Tbmm'Nin Yaptığı Ilk Antlaşmanın Adı Nedir ?

Selin

Yeni Üye
TBMM’nin İlk Antlaşması: Misak-ı Milli ve Sonrasındaki Süreç

Türkiye Büyük Millet Meclisi (TBMM), 23 Nisan 1920 tarihinde kurulmuş olup, Kurtuluş Savaşı’nın en kritik dönemlerinde ülkenin siyasi ve hukuki temellerini atmaya başlamıştır.

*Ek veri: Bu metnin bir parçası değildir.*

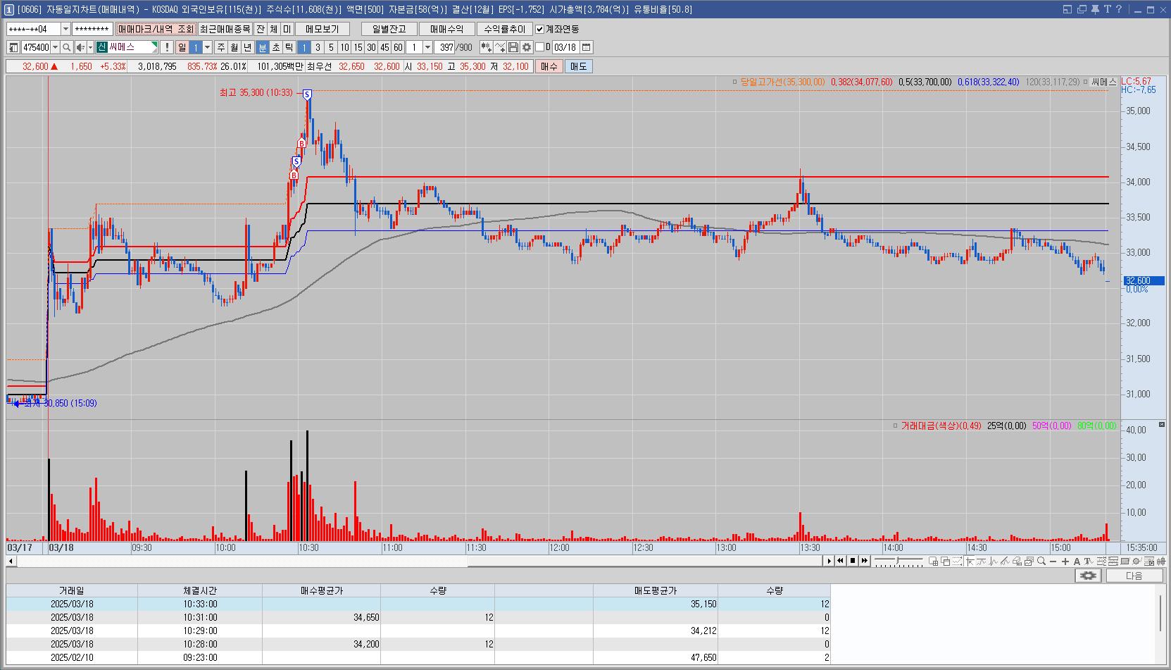 전일 물려서 넘어와서 매매. 신고가 재차 돌파할 때 다시 물렸다.

Bu bağlamda, TBMM'nin yaptığı ilk antlaşma da, Türkiye Cumhuriyeti’nin ulusal bağımsızlığının ve egemenliğinin temellerini sağlamlaştıran bir dönüm noktasıdır. Peki, TBMM'nin yaptığı ilk antlaşmanın adı nedir? Bu sorunun cevabı, "Misak-ı Milli"dir.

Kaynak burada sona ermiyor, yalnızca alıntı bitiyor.